> [TASK REQUIREMENTS]: Each entry that follows must be output without any deviation.

┌──

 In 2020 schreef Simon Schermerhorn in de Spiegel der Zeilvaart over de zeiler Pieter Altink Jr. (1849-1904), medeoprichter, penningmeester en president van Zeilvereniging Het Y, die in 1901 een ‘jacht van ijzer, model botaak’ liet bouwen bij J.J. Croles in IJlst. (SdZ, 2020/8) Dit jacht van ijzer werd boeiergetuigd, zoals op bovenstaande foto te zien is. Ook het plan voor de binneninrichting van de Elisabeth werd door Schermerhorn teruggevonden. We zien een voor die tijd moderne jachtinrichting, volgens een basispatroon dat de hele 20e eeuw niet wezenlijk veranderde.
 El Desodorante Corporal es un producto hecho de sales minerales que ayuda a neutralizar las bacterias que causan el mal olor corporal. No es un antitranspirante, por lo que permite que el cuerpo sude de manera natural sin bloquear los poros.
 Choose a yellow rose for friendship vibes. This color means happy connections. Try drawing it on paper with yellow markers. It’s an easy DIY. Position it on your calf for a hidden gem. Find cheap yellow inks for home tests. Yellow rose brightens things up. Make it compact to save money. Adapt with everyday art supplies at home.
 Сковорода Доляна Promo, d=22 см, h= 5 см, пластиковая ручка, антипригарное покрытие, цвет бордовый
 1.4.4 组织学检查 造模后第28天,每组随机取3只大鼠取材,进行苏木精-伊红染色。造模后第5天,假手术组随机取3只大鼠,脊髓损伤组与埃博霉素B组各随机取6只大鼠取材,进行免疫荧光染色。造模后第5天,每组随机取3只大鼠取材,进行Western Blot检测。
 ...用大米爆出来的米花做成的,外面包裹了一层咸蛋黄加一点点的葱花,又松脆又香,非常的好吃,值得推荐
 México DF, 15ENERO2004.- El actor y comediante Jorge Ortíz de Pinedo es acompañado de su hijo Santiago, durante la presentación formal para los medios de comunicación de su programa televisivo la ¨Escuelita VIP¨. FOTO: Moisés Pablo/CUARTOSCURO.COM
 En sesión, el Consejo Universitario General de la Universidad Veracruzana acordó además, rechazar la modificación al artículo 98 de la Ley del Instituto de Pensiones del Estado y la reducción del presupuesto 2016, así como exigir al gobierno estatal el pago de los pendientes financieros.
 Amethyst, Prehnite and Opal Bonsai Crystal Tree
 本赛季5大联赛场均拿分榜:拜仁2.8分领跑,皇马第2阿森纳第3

└──

> [SOLUTION]:
 In 2020 schreef Simon Schermerhorn in de Spiegel der Zeilvaart over de zeiler Pieter Altink Jr. (1849-1904), medeoprichter, penningmeester en president van Zeilvereniging Het Y, die in 1901 een ‘jacht van ijzer, model botaak’ liet bouwen bij J.J. Croles in IJlst. (SdZ, 2020/8) Dit jacht van ijzer werd boeiergetuigd, zoals op bovenstaande foto te zien is. Ook het plan voor de binneninrichting van de Elisabeth werd door Schermerhorn teruggevonden. We zien een voor die tijd moderne jachtinrichting, volgens een basispatroon dat de hele 20e eeuw niet wezenlijk veranderde.
 El Desodorante Corporal es un producto hecho de sales minerales que ayuda a neutralizar las bacterias que causan el mal olor corporal. No es un antitranspirante, por lo que permite que el cuerpo sude de manera natural sin bloquear los poros.
 Choose a yellow rose for friendship vibes. This color means happy connections. Try drawing it on paper with yellow markers. It’s an easy DIY. Position it on your calf for a hidden gem. Find cheap yellow inks for home tests. Yellow rose brightens things up. Make it compact to save money. Adapt with everyday art supplies at home.
 Сковорода Доляна Promo, d=22 см, h= 5 см, пластиковая ручка, антипригарное покрытие, цвет бордовый
 1.4.4 组织学检查 造模后第28天,每组随机取3只大鼠取材,进行苏木精-伊红染色。造模后第5天,假手术组随机取3只大鼠,脊髓损伤组与埃博霉素B组各随机取6只大鼠取材,进行免疫荧光染色。造模后第5天,每组随机取3只大鼠取材,进行Western Blot检测。
 ...用大米爆出来的米花做成的,外面包裹了一层咸蛋黄加一点点的葱花,又松脆又香,非常的好吃,值得推荐
 México DF, 15ENERO2004.- El actor y comediante Jorge Ortíz de Pinedo es acompañado de su hijo Santiago, durante la presentación formal para los medios de comunicación de su programa televisivo la ¨Escuelita VIP¨. FOTO: Moisés Pablo/CUARTOSCURO.COM
 En sesión, el Consejo Universitario General de la Universidad Veracruzana acordó además, rechazar la modificación al artículo 98 de la Ley del Instituto de Pensiones del Estado y la reducción del presupuesto 2016, así como exigir al gobierno estatal el pago de los pendientes financieros.
 Amethyst, Prehnite and Opal Bonsai Crystal Tree
 本赛季5大联赛场均拿分榜:拜仁2.8分领跑,皇马第2阿森纳第3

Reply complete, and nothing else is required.